Y de repente, perplejidad.
Susanne estaba fuera. Había hablado con ella por teléfono. Notó su lengua en la oreja. No, no era su lengua. No la de Susanne. Ahora, de golpe, estaba totalmente despierto. Trató de volverse para ver quién estaba con él en la cama cuando sintió una fuerte presión en la garganta. No podía respirar y notó que se le nublaba la mente. Alzó una mano y, en el acto, aumentó la presión en la ligadura que le atenazaba el cuello.
—Quédese quieto —le susurró ella al oído, como habría hecho una amante—. Quédese quieto o morirá. —La presión se aflojó; todavía lo tenía cogido con la otra mano y seguía acariciando—. No quiero matarlo —dijo. Un susurro grave, entrecortado—. Pero lo haré si no me obedece. ¿Lo entiende?
Fabel trató de contestar, pero la presión lo había dejado sin voz. Asintió.
—¿Sabe quién soy?
Volvió a asentir. Ya se le empezaba a pasar el mareo. Su mente giró a toda velocidad. Pensó en forcejear, en luchar por su vida. Pero sabía que lo estrangularía en cuanto se moviera.
—Soy una Valquiria. —Sentía su voz cálida y suave en el oído. Su otra mano seguía trabajándolo—. Pero yo no soy la que está buscando. ¿Lo entiende?
Fabel estaba confuso. Se llevó la mano a la garganta. Ella retorció todavía más la ligadura. Sintió palpitaciones en el cuello justo por debajo; por encima, solo agujas y pinchazos. El ámbito oscuro de su habitación tornándose aún más oscuro. De una oscuridad negro-rojiza.

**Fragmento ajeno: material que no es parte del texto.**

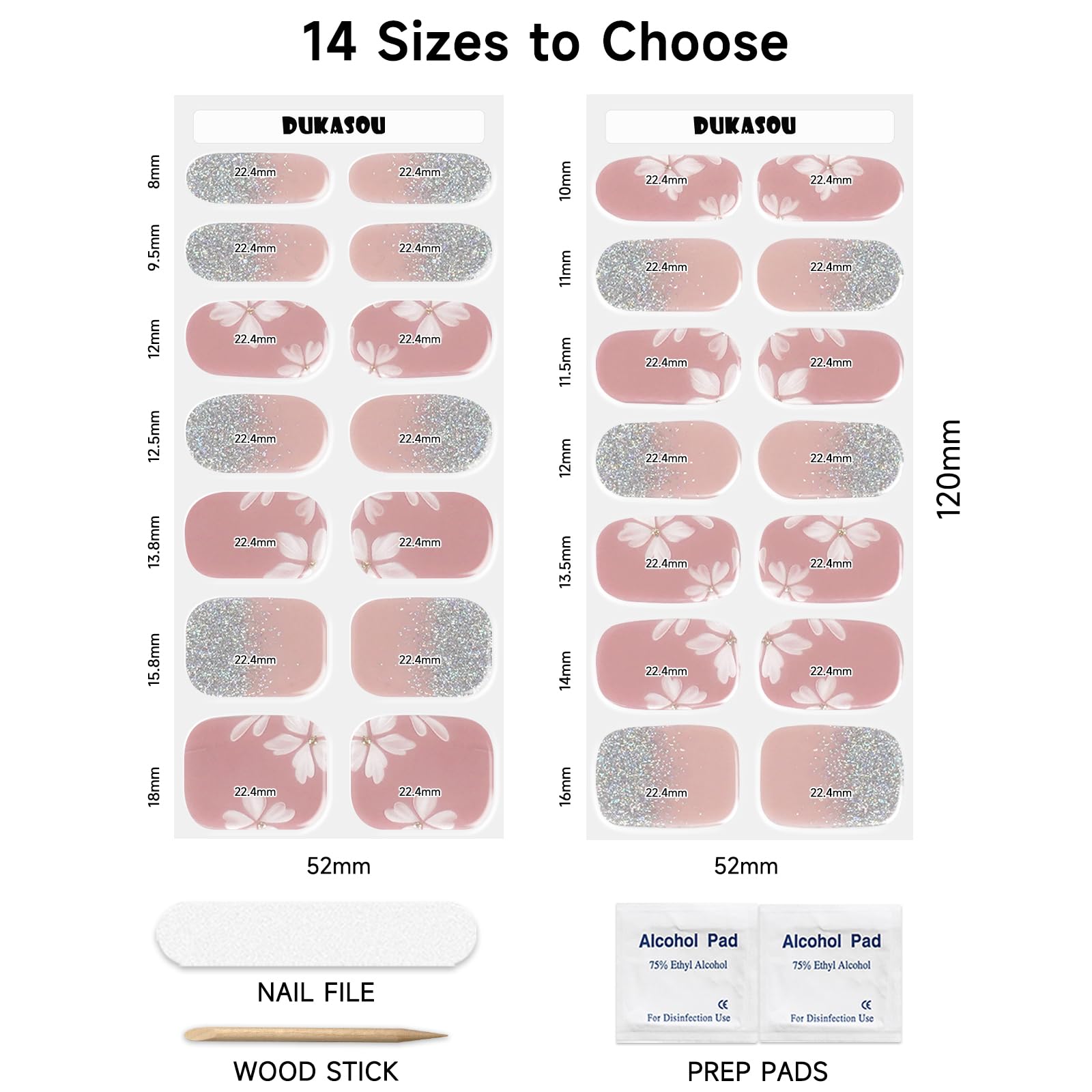- Gel nail stickers set: DUKASOU semi cured gel nail strips package contains 28 stickers in 14 different sizes, it comes with 2 prep pads, 1 nail file, and 1 wooden stick (pressing the edge and removing), suitable for all nail sizes and shapes

—He preguntado si lo entiende.
Asintió.
—Yo era, soy, Liane Kayser. No Anke Wollner. Es a ella quien quiere atrapar, no a mí. Yo no trabajaba para Georg Drescher. Desde que cayó el Muro, he llevado mi propia vida. He vivido por mi cuenta. No soy asesina profesional. Al menos, ya no lo soy. Y las cosas en las que he estado implicada no son asunto suyo. Pero quiero que comprenda que todavía poseo todas las habilidades que me enseñaron. Podría acabar con usted ahora mismo. Lo entiende, ¿no, Jan?
Fabel volvió a asentir.
—Voy a aflojar la ligadura para que pueda hablar. Si comete la menor estupidez, la tensaré de nuevo, pero esta vez del todo. Tiene un pasador con mecanismo de inercia, lo cual significa que puedo apretarlo al máximo y marcharme: la ligadura quedará totalmente tensa y no podrá hacer nada para no morir estrangulado. Ni siquiera yo podré soltarlo. ¿Lo entiende?
Una vez más, Fabel asintió. Al notar que la ligadura volvía a aflojarse, jadeó para recuperar el aliento. Ella seguía tocándolo abajo. Acariciándolo.
—¡Quíteme la mano de encima! —dijo con voz rasposa.
—¿Por qué? Parece estar disfrutándolo.
—Quíteme la mano ahora mismo.
Ella retiró la mano tras una última y demorada caricia.
—Cuando se lo cuente a los demás, cuando escriba su informe… ¿explicará también esto? ¿Les contará lo dura que se la he puesto? ¿Que le he estado tocando ahí abajo?
Había vuelto a ponerle la mano encima y Fabel la agarró de la muñeca. Ella volvió a dejarlo sin aire.
—Suélteme —le ordenó.
En cuanto él obedeció, aflojó la ligadura.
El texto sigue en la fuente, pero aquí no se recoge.